After the sketch construction, we conduct 100 randomized rank-based fingerprints queries, and compute the average query efficiency and query accuracy of a query. The global sketch is a type of qdigest structure, which predicts the quantiles with some errors. We present the error comparisons of the two approaches. Our sketch can provide the error less than 0.1% for the rank-based quantiles estimation, while the error in Spark&sampling is larger than 0.7%. Meanwhile, our approach can improve the query response time significantly over large-scale datasets. When compared under 100 GB real-world dataset, our approach can provide an answer within 300 ms, while the Spark&sampling needs 180 s to respond the same query. Therefore, our approach is more appropriate for big and fast dataset processing and can provide real-time (or near real-time) response for large-scale fingerprint based queries

4 Conclusion

Large-scale fingerprint-based queries are often time-consuming operations.

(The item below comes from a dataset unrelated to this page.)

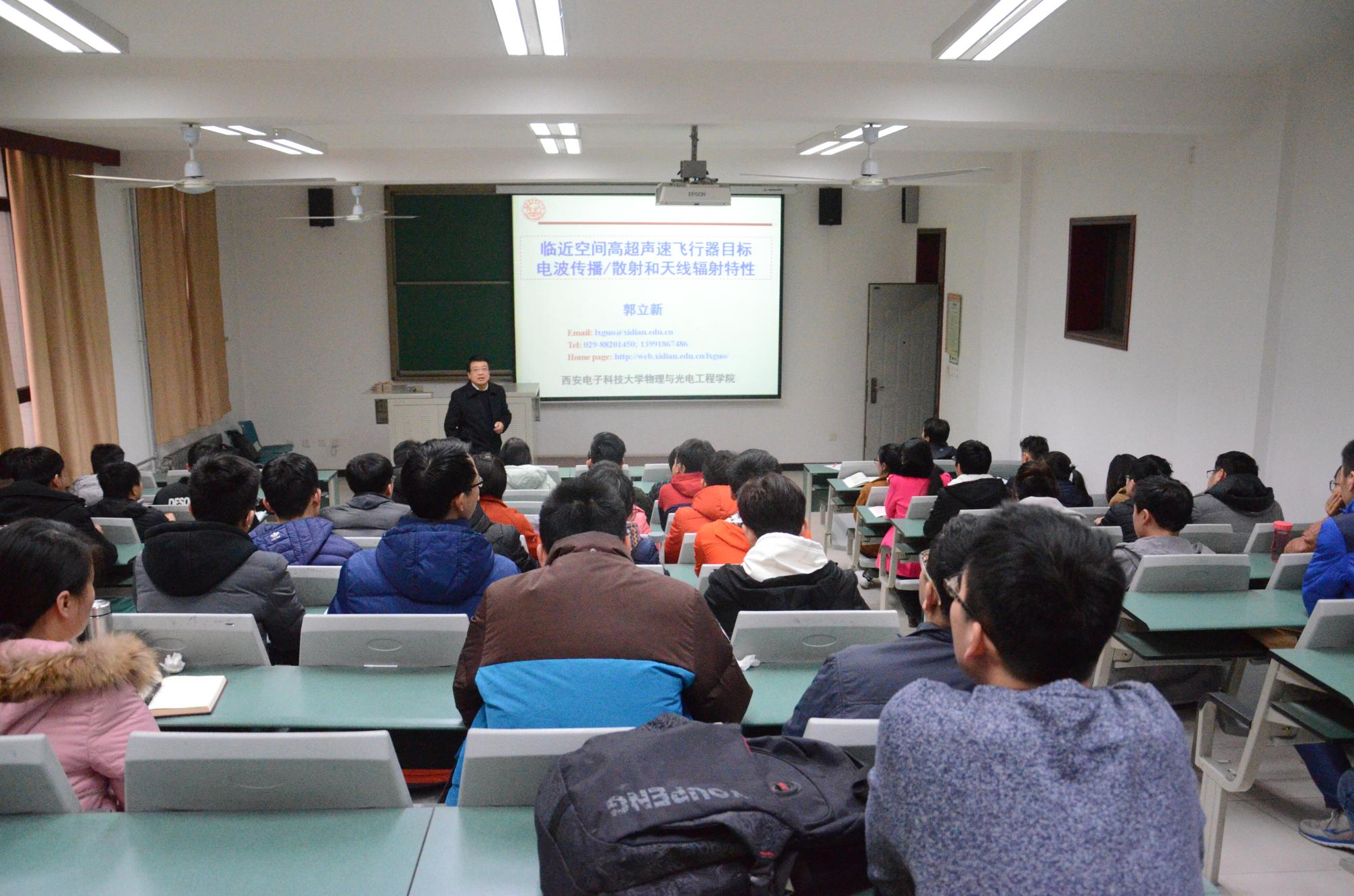 12月27日下午,物理与太阳成tyc122cc集团执行经理,博士生导师郭立新教授应邀参加“求是历程,对话教授”活动,并于西大楼一区219教室为广大研究生做了题为“临近空间高超声速飞行器电波传播/散射和天线辐射特性”的报告。报告会由公司研究生辅导员李维嘉主持。

In this paper, we propose a distributed sketching framework to boost the performance of the large-scale queries, such as continuously membership queries and rank-based queries. Towards minimizing the shuffling time between the local sites, we construct a global dyadic qditest structure at query site using constrained space. For large-scale queries, the global sketch only build at initial stage of the queries, and can supervise the following continuously queries. This design enable our approach to run reasonable number of jobs under data skew scenarios. At local sites, we combine the sketching techniques, such as dyadic qdigest and dynamic bloom filters to build concise structure for dynamic data processing. The experimental results have expose the efficiency and effectiveness of our approach for large-scale queries over distributed environments. In the future, we plan to apply our approach in production environments to improve the efficiency of complex queries, such as group by queries and join queries.